「次世代移動無線通信システムである5Gの電波塔が放火される」という事件がイギリスで複数発生しています。実はソーシャルメディアを中心に「5Gが新型コロナウイルスの感染を拡大している」という誤情報が出回っているとのことで、IT系ニュースメディアのThe Vergeがなぜこのようなデマが拡散されたのかを報じています。
British 5G towers are being set on fire because of coronavirus conspiracy theories - The Verge
https://www.theverge.com/2020/4/4/21207927/5g-towers-burning-uk-coronavirus-conspiracy-theory-link
通信事業者のVodafoneによれば、2020年4月4日時点で、5Gの電波塔が放火される事例が既に4件も発生しているとのこと。また、通信事業者のEEが所有する5G電波塔のうち、バーミンガム市にある1つはまだ設置されたのみで稼働すらしていなかったにもかかわらず、火をつけられてしまったとのこと。EEの広報担当者は「放火された電波塔は、バーミンガム市の何千人もの人々に長年にわたって2G、3G、4G接続を提供してきました。私たちは可能な限り迅速に復旧させようと努めていますが、火災による被害は甚大です」とコメントしています。
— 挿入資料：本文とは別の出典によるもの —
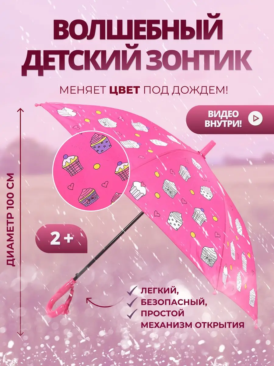 Описание: Зонт детский хамелеон Aquamarinе KIDS — базовый модный аксессуар для вашего ребёнка, который защитит вашего ребенка от дождя и мокрого снега. Дети будут в восторге от зонтика, меняющего цвет под воздействием воды. Зонтик-раскраска вызовет у вашего малыша вау-эффект! Яркие цвета и прикольные рисунки подарят деткам позитив даже в самые дождливые дни. Это прямое попадание в сердце любимого человека. Принты с машинами и тачками оценят мальчики. А тортики и милые пирожные в розовых тонах и в горошек — наше предложение для маленьких девочек. Дети школьного возраста делают выбор в пользу топовых дизайнов: человек — паук, Леди Баг, щенячий патруль, машины, Маша и медведь, единороги, игрушечные машинки, плюшевые игрушки (например, мишки). Приглушённые однотонные цвета по типу белого, бежевого — чаще подростковый выбор. Уверяем, с таким аксессуаром эти ребята без внимания не останутся в любой сезон. Надёжная конструкция зонта защитит ребенка от ветра. Высокое качество даст отпор влаге холодной дождливой весной или осенью, благодаря водоотталкивающему эффекту ткань не поддастся намоканию. Зонт укроет от солнца знойным летом — летний вариант использования зонта. Солнцезащитный эффект осуществляется благодаря плотной ткани и большому диаметру купола. Несмотря на то, что с одной стороны — зонт компактный, спрятаться под ним могут три человека. Это выбор школьников, ведь ни портфель, ни сумка не станут преградой для ношения нашего мини зонта. Благодаря тому, что он легкий (260 грамм, облегчённая модель), оптимальной длины (50 см) и комфортен в применении — дает возможность пользоваться детям с трёхлетнего возраста. А главное, детская ручка не устаёт. Мы за безопасность. Поэтому наш зонт выполнен из гипоаллергенных (нейлон) и прочных (металл) материалов. Наши зонты с большим куполом (зонт—трость) и прочными спицами. Открывается автоматически при нажатии кнопки (полуавтомат). Эти преимущества делают товар поистине мастхэвом и выбором первой линии. Свисток и чехол отсутствуют. Мамы, папы, бабушки и дедушки спокойно отпускают детей на уличные просторы с нашим товаром. Берите в подарок для своего любимого ребёнка. Например, на день рождения дочери сына внука внучки зонт складной отличный вариант. Зонтик детский складной это необходимый атрибут в гардеробе каждого ребенка. Приобретайте зонтики хамелеон Aquamarinе KIDS. Наша продукция — семейный выбор. Она «прозрачная» — вы всегда можете задать интересующие вопросы. Оставляйте, пожалуйста, отзывы о товаре. Нам важно ваше мнение!

5G tower set on fire in Birmingham, Acocks Green pic.twitter.com/1GNe2xxJLF
— Official #1 Birmingham Page (@imjustbrum) April 2, 2020
5G電波塔への放火事件が連続している理由として、FacebookやNextdoorといったSNSで「5Gの展開は新型コロナウイルスの流行に関連している」というウワサが出回っていることが報じられています。
ある説では、「中国では世界に先駆けて5Gを展開していたため、新型コロナウイルスが武漢で発生した」「伝染性の高い新型コロナウイルスが5Gにアクセス可能な大都市で自然に広がっている」と主張していますが、The Vergeは「これらの陰謀論は5Gの本格的な展開が始まっていないイランや日本でも新型コロナウイルスの流行が発生しているという事実と矛盾している」と指摘しています。
イギリス情報通信庁(Ofcom)によれば、ローカルFMラジオ局の番組へ2020年2月にゲスト出演した自称看護師が「5Gが人々の肺から酸素を奪い取っている」「5Gの展開は新型コロナウイルスの感染拡大に関連している」と語ったとのこと。もちろん自称看護師の主張には科学的根拠は全くありませんが、このラジオ番組の切り抜き音声やムービーはFacebookで広く共有されてしまっているそうで、このラジオ番組がイギリスにおける「5Gと新型コロナウイルスを絡めたデマ」拡散の火付け役になった可能性が高くあります。
5G causes coronavirus because it’s sucking the oxygen out of your lungs, according to a video being spread on Facebook. I want to ???? but the fact people believe this bullshit is genuinely scary pic.twitter.com/kY3g5MJtu9
— Tom Warren (@tomwarren) March 3, 2020
こうした誤情報が拡散された背景には、「5Gが健康に悪影響を及ぼすのではないか」という懸念があり、イギリスのタブロイド紙も5Gの健康被害を訴えていました。しかし、専門組織は「5Gによる健康上の問題はない」と既に論じており、イギリスの規制当局も「5Gの電磁放射レベルは国際ガイドラインよりもはるかに低い」と報告しています。
5Gの健康被害について放射線の科学専門組織が見解を発表 - GIGAZINE
それでも、5Gに対する陰謀論の拡散はとどまるところを知らず、5G開通用の光ファイバーケーブルを敷設する労働者に嫌がらせをするムービーがFacebookで出回るまでになっています。こうした事態を受けて、YouTubeは、「5Gが新型コロナウイルスの感染拡大に寄与している」と唱えるコンテンツを制限すると発表しています。
YouTubeが「5Gが新型コロナウイルスの感染拡大に寄与している」という陰謀論を唱えるコンテンツを制限すると発表 - GIGAZINE
陰謀論を拡散し、重要な通信インフラの破壊を推奨するFacebookグループに対処するべく、イギリスの通信事業者や専門家がFacebookに通報するものの、グループが削除されてもなお何千もの人々が5G電波塔への放火を訴えているという状況だそうです。また、The Vergeによれば、イギリスだけではなくアメリカでも同様の陰謀論が拡散されつつあるそうで、「ロシアによるデマ拡散キャンペーン」とセットで語られることも増えているとのこと。The Vergeは「医療従事者が伝染性の高いウイルスとの戦いに忙殺される一方で、電気通信事業者とソーシャルメディアは誤情報の拡散と戦う必要があります」とコメントしました。